**Activity**
How do the lines read from the one holding "Young charming attractive" through the last line of the listing? Set them down exactly, pictures omitted.

**Stored data**
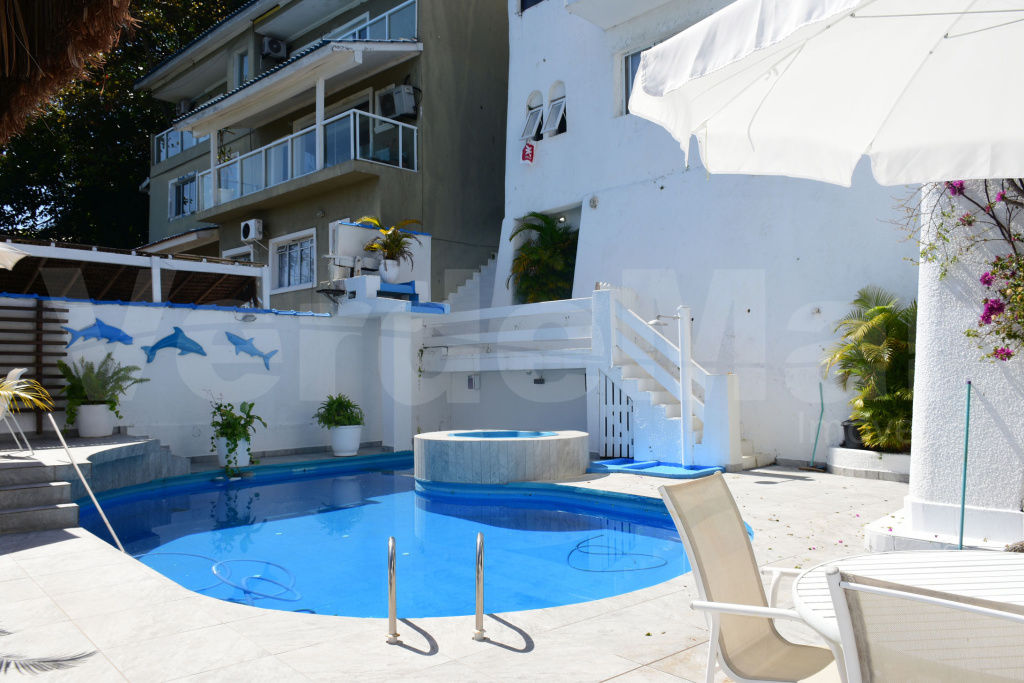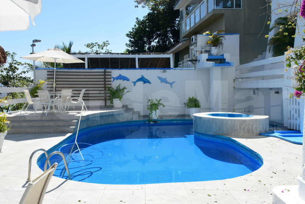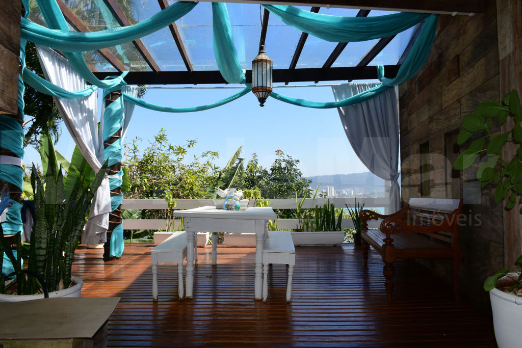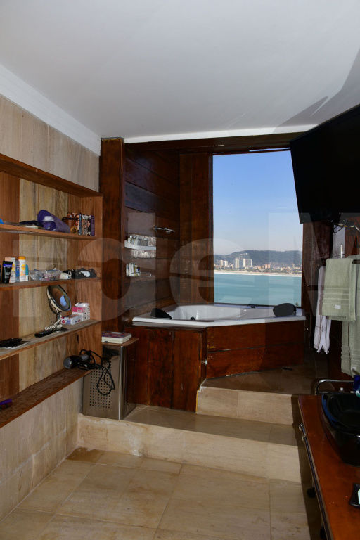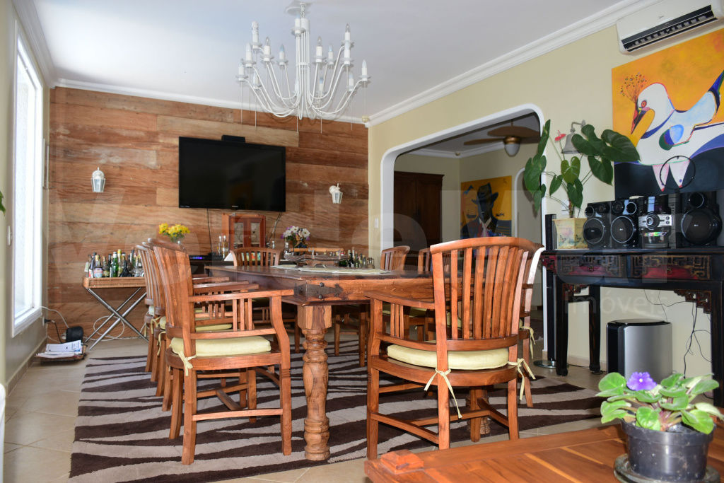 Casa com vista para o mar no Residencial Península na praia da Enseada em Guarujá, com 5 suítes, closet, sala para 3 ambientes, cozinha americana, copa, lavabo, despensa, área de serviço, e casa de caseiro.
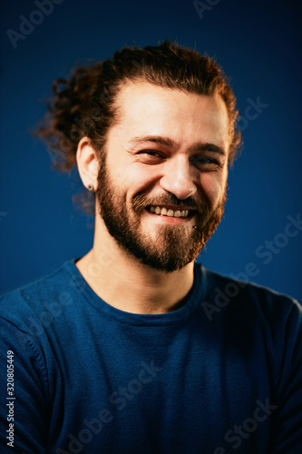 Young charming attractive Caucasian bearded hipster with curly hair dressed in sweater standing in front of blue background and looking at camera.
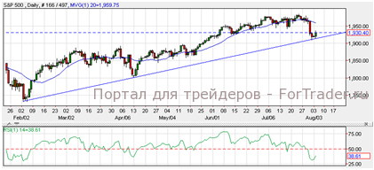 Американские индексы завершили торги в плюсе, поскольку инвесторы настроены позитивно в связи с решением Португалии спасти свой крупнейший банк EspiritoSanto. NASDAQ вырос на 0.72%, S&P 500 вырос на 0.72%, а DowJones добавил к стоимости 0.46%. Согласно техническому анализу дневного графика, S&P 500 торгуется в восходящем тренде. Пока индекс удерживается на этом уровне, возможен его рост к отметке 2,000. Однако, при прорыве ниже линии поддержки возможно падение к отметке 1,900.
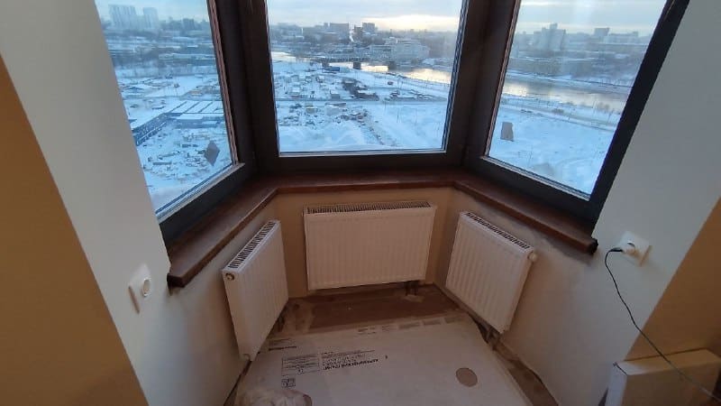 На одно эркерное окно попросили сделать и смонтировать обычные деревянные подоконники, а второй эркер закрыть полностью рабочим столом из того же материала.

**Exercise solution**
 Young charming attractive Caucasian bearded hipster with curly hair dressed in sweater standing in front of blue background and looking at camera.
 Американские индексы завершили торги в плюсе, поскольку инвесторы настроены позитивно в связи с решением Португалии спасти свой крупнейший банк EspiritoSanto. NASDAQ вырос на 0.72%, S&P 500 вырос на 0.72%, а DowJones добавил к стоимости 0.46%. Согласно техническому анализу дневного графика, S&P 500 торгуется в восходящем тренде. Пока индекс удерживается на этом уровне, возможен его рост к отметке 2,000. Однако, при прорыве ниже линии поддержки возможно падение к отметке 1,900.
 На одно эркерное окно попросили сделать и смонтировать обычные деревянные подоконники, а второй эркер закрыть полностью рабочим столом из того же материала.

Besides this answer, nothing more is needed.